と言う様に昔であれば木材を加工する際にノコギリやノミと言った道具を駆使して加工していたものが今ではドリル1本で芸術的な和室の欄間や木像(北海道のお土産でよく目にする鮭をくわえた熊の置物の様なもの)までも加工することができるのです。
ですからDIYで物作りを楽しむ人にとっては欲しい工作工具のトップに上がる様な機械なのですが、これがまた高いのです。構造的には3Dプリンターのヘッド部分をドリルに置き換えたものなのですが、3Dプリンタープリンター同様に加工できる素材が大きくなればなるほど高価になるばかりか機械もそれにつれて大きくなりますので設置場所も考えなくてはいけません。

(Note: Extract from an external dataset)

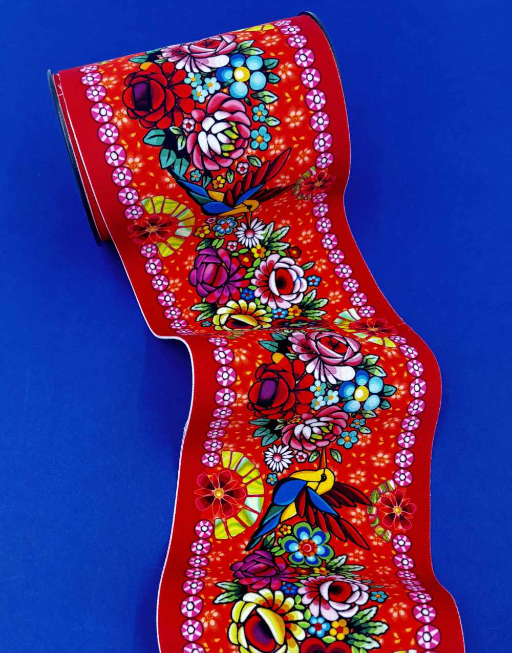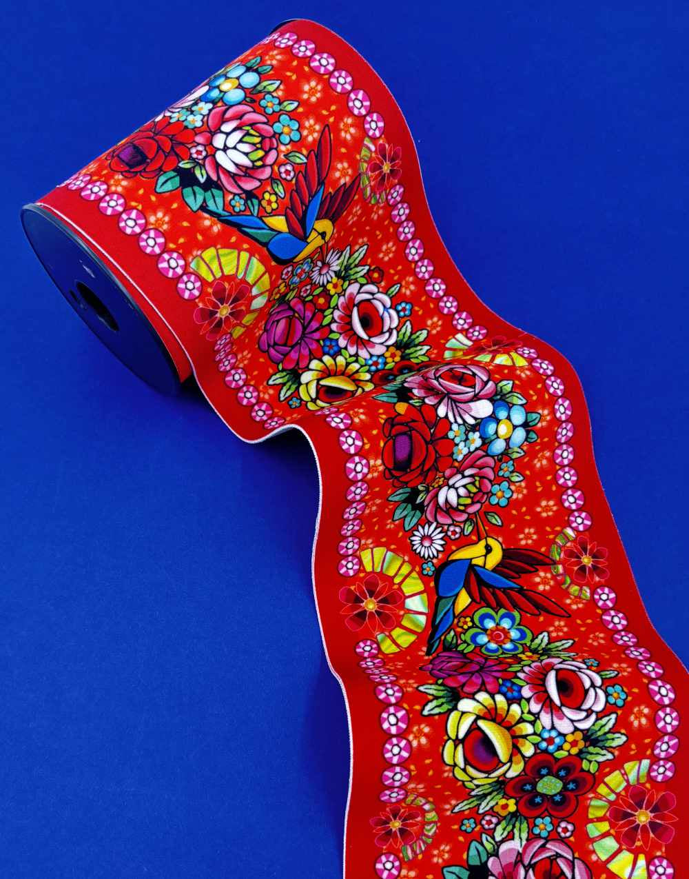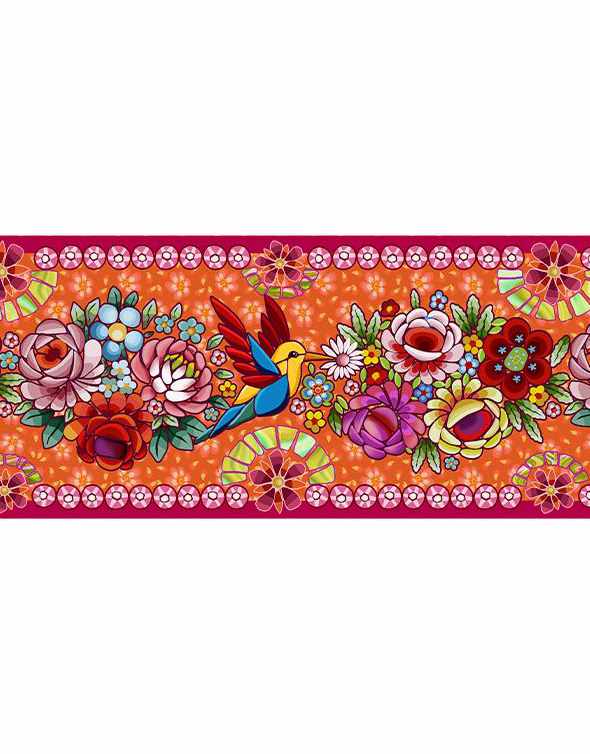 This mosaic-inspired border is adorned with flowers and birds. The decorative edge allows for lots of creative finishing touches. These pretty printed velvet borders make fabulous bags and original cushions. You can also embroider them, and turn them into cases or pouches. The fabric is a heavy weight polyester velvet which is suited to upholstery projects too.

例えば15cm×15cm四方の加工範囲を持っているCNCマシンであれば30cm×30cmもあれば設置できますが、30cm×30cmと倍の大きさになるとスクエアタイプの簡易的なCNCマシンでも45cm×45cmくらいの設置面積が取られますし、それがゴミが飛ばない様にカバーで覆われて排気設備までついたCNCマシンとなると更に大きくなり、とても個人で自宅の書斎に置くレベルではありません。

そんな現状のCNCの構造を根本から変えてサイズフリーで加工できる様にしたのがこの自走式CNCロボット「Goliath CNC」です。